Global Warming and Mass Murder
by Bradley Jarvis
In the October 2006 issue of Scientific American, paleontologist Peter Ward describes a theory that implicates global warming in several major mass extinctions in Earth's past. According to the theory, just prior to these extinctions, carbon dioxide and methane expelled from volcanoes reduced the amount of oxygen entering the ocean. This induced anaerobic bacteria living there to thrive and expel enough hydrogen sulfide into the oceans and atmosphere to kill most other species in the oceans and on land. The concentration of carbon dioxide required to trigger such an extinction corresponds to what we may have by the end of the next century if global warming continues unchecked.

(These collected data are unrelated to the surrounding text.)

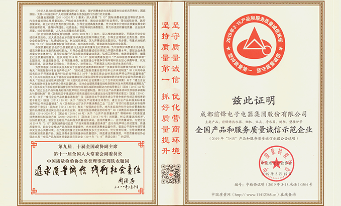 從中國(guó)質(zhì)量檢驗(yàn)協(xié)會(huì)傳來(lái)喜訊,成都前鋒電子電器有限股份公司榮獲“全國(guó)產(chǎn)品和服務(wù)質(zhì)量誠(chéng)信示范企業(yè)”榮譽(yù)稱號(hào)。
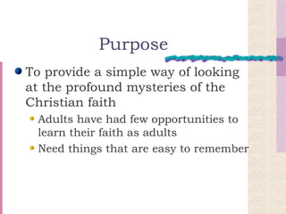 The document provides an overview of the St. John Fisher Lenten Mission taking place on April 5-6, 2006 in Richmond, Texas. It discusses the purpose of providing a simple way to understand profound Christian mysteries and relate familiar elements of faith like liturgy and sacraments to God's works. It then summarizes the plan to examine Holy Thursday, Good Friday, Easter Sunday and Pentecost, relating them to God's works of Creation, Redemption, Sanctification and Glorification.
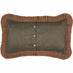 - Trimmed with 2″ and 3″ double pleated ruffle in floral ditsy and plaid fabrics, .5″ piping around inside edge in green plaid fabric
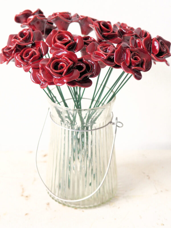 Keramische bloem Roos rood op prikker. Een mooi roosje, handgemaakt.
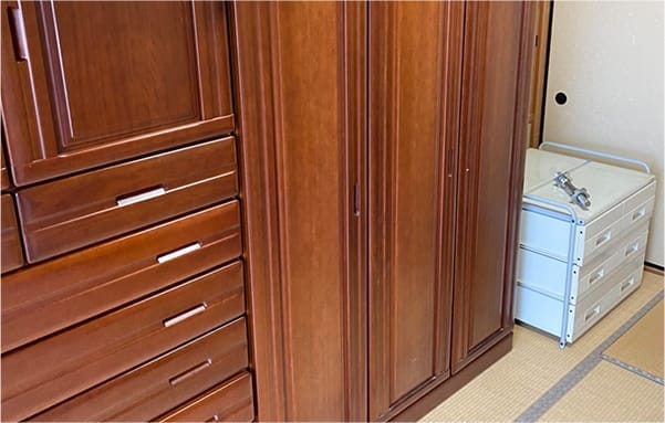 現地に到着すると、お客様が早速タンスのある和室に案内してくださいました。重量感のある家具で、女性にはとても運び出せません。お怪我でもしたら大変です。見積額を伝え、承諾いただいたところで正式依頼となりました。
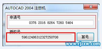 第2步、打开下载好的CAD2004注册机,把申请号复制到注册机的申请上面,点击算号。然后授权号就出来了。
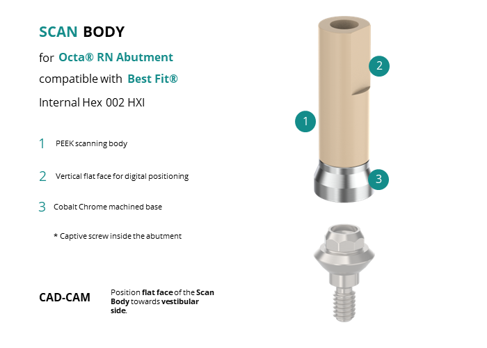 Scan Body for Octa® RN Abutment compatible with Best Fit® Internal Hex 002 HXI
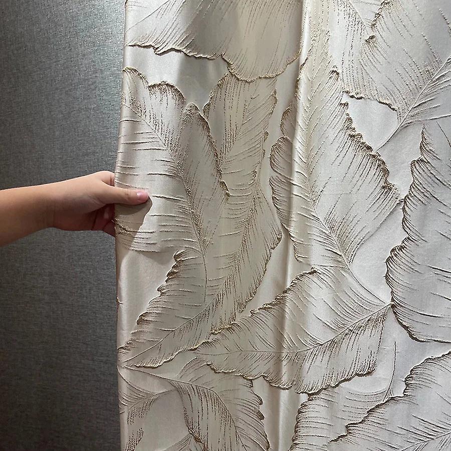 Embossed Stereoscopic Gold Silk Leaves Blackout Bedroom Curtains Luxury Villa Modern Curtain Bronzing Texture Window Drapes
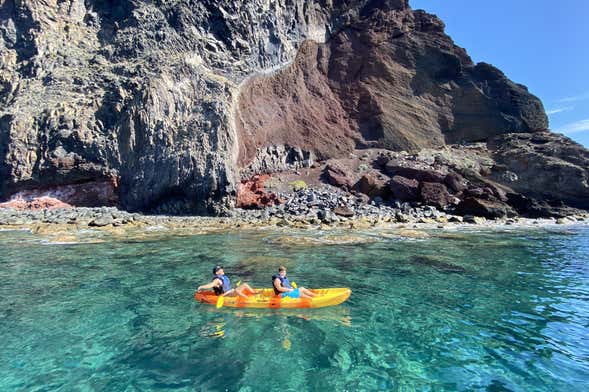 When we arrive at our destination, we'll swap the speedboat for a kayak and start enjoying the Madeira coastline while paddling through the crystal clear waters. We'll have a blast! During the kayak tour, we'll admire the imposing cliffs of Ponta de São Lourenço and witness the power of the Atlantic Ocean crashing against the rocks.
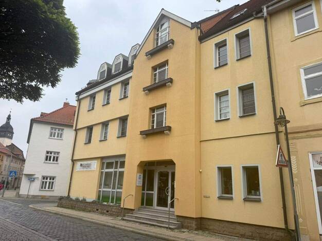 Objektbeschreibung Das Objekt befindet sich zentral und unweit des Stadtzentrums von Bad Langensalza. Wohnungsbeschreibung Die Wohnung befindet sich im 1. OG des Vorderhauses über der großen Gewerbee...
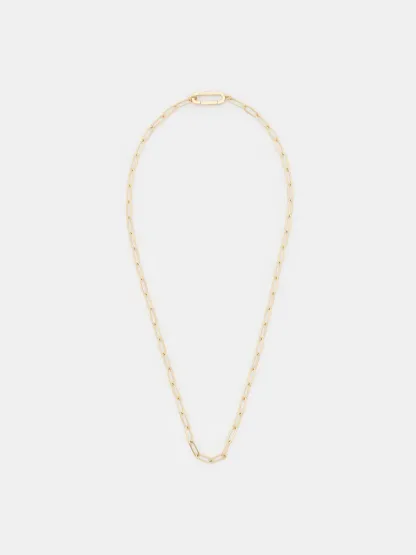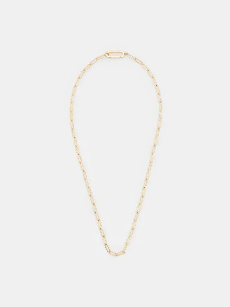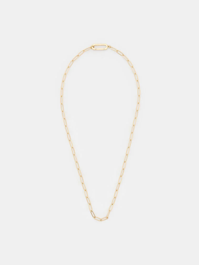This Arleth necklace in gold features a chain-link design and an oblong pendant at its centre. It will elevate simple blouses and your favourite knitted tops with its simple yet striking aesthetic.
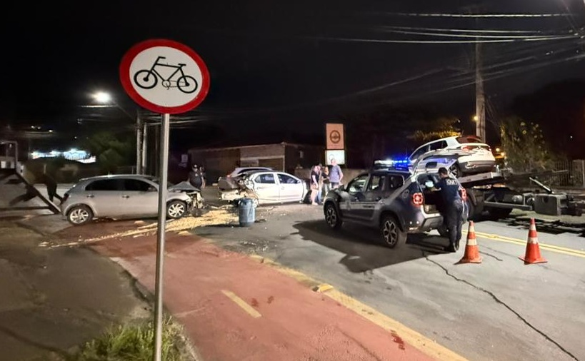 O Corpo de Bombeiros Militar, o SAMU e a Guarda Municipal de Trânsito atenderam, na noite desta quinta-feira (20), um grave acidente de trânsito envolvendo três veículos na Rua dos Caçadores, no bairro Velha, em Blumenau. A colisão ocorreu por volta das 20h40min e deixou duas pessoas feridas.

The possibility of such a disaster far overshadows any of the reasons presently considered for reducing global warming. By aiding and abetting an extinction event of this magnitude (much greater than what we are already causing), our species would lose any claim to being "good" or "an improvement over the others," becoming in fact the absolute, exact opposite.
According to James Hansen, one of the world's top experts on global warming, we have perhaps ten years to reduce greenhouse gases before the process gets out of control. By coincidence, this corresponds to the amount of time we have left to avoid the worst consequences of overconsumption. Since greenhouse gases comprise much of our waste, cutting back on consumption will also mitigate global warming.

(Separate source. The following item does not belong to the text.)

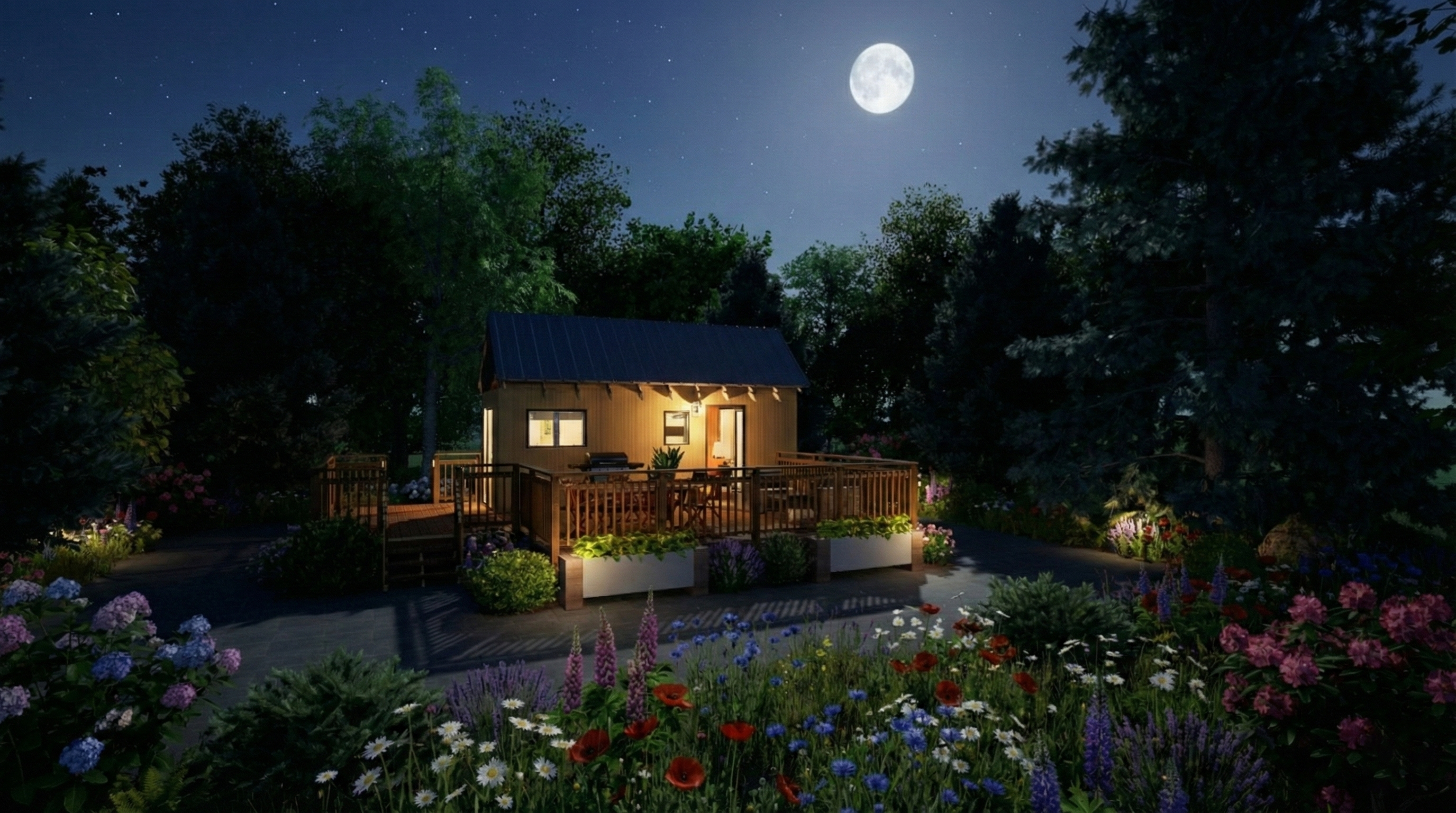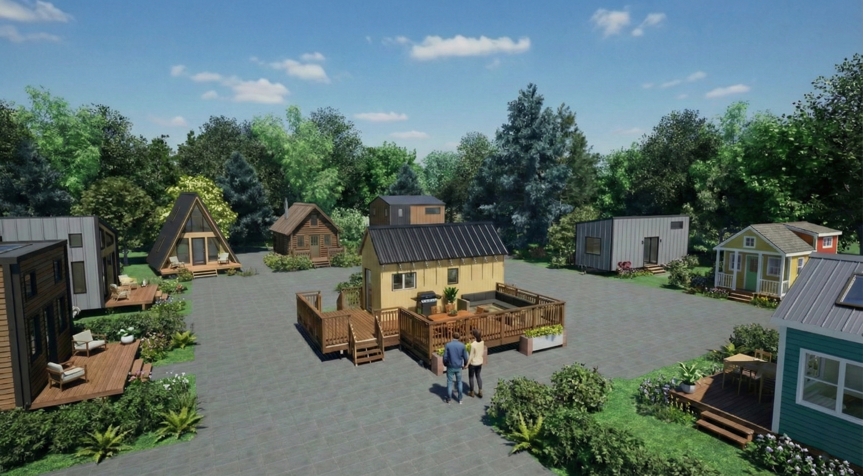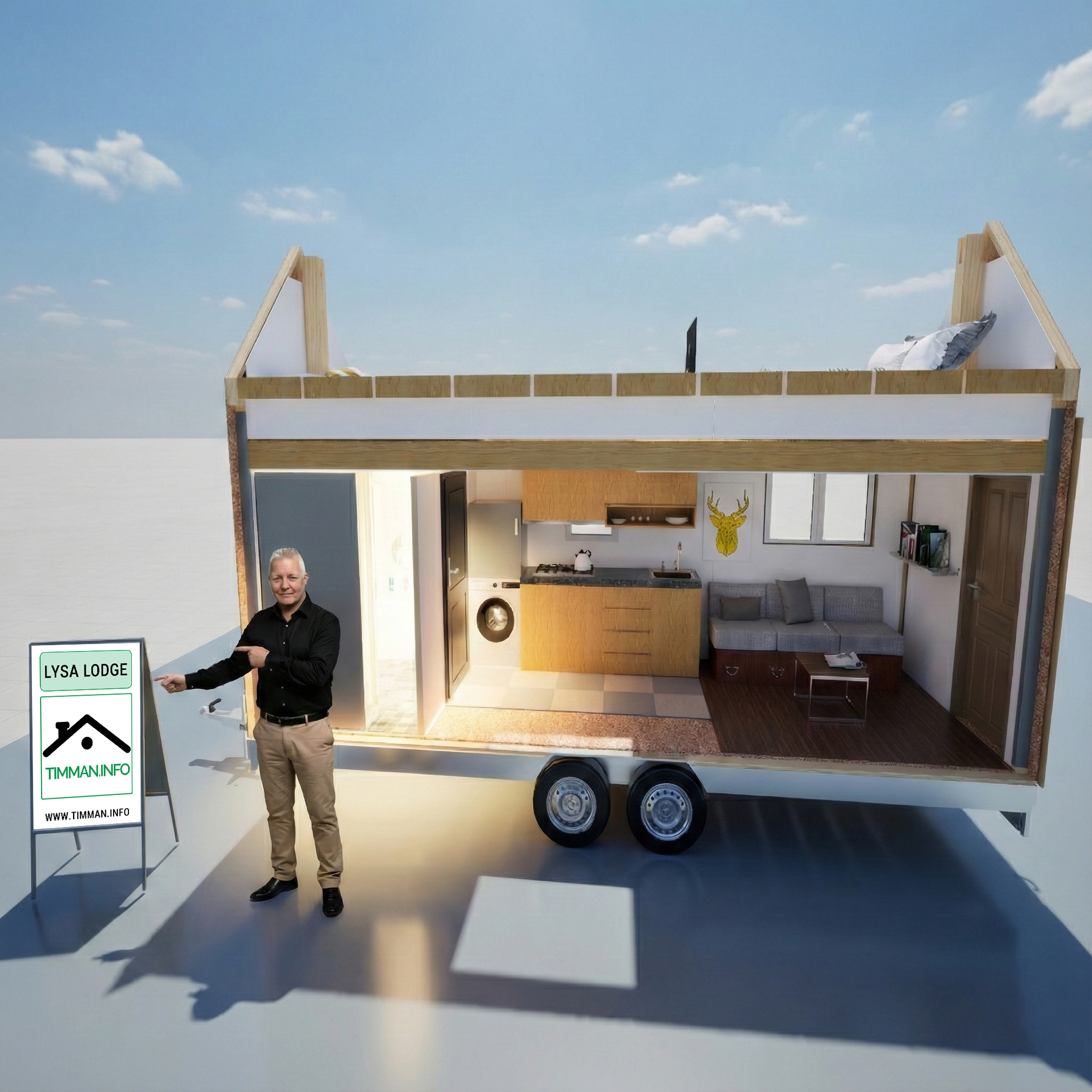 Buiten wacht een royaal houten terras met loungeset – dé plek om te ontspannen, te barbecueën en te genieten van het buitenleven. Dankzij het ontwerp en de uitstraling past Lysa Lodge moeiteloos in een tinyhouse-woongemeenschap. Het huis staat op een trailer, waardoor het eenvoudig verplaatsbaar is. Gebouwd van duurzame materialen zoals hout en een dak van golfplaten, ademt dit tinyhouse duurzaamheid en vrijheid.

I've estimated that by reducing annual consumption (mass) by at least 22 percent per year, with renewable energy and reusable products making up the difference, we could extend our current energy supplies long enough to create a sustainable economy, and in the process avoid global disaster. In Global Warming: A Very Short Introduction, Mark Maslin estimates that it would cost two percent of GDP (GWP) to make the necessary reductions in greenhouse gases. My model indicates that to avoid the consumption peak, GWP would need to grow much slower than presently, gaining only five percent of its current value in ten years (as opposed to 19 percent if the present rate continues - which it likely won't); the gain would more than account for what's needed.
The 2006 annual meeting of the U.N. dealing with global warming concluded without any significant progress on new agreements beyond the modest Kyoto Protocol. The United States, the world's largest emitter of greenhouse gases, refuses to even abide by Kyoto, continuing to increase its contribution to the problem rather than alter its economic growth trajectory.
Every year we wait makes the required cuts much deeper, and we cannot afford to waste any time. What's at stake is far more important than our economic welfare. And when you consider that we may hold Life's only hope for establishing a foothold somewhere else to decouple its existence from the fate of the Earth, we literally risk being responsible for the ultimate destruction of everything that matters.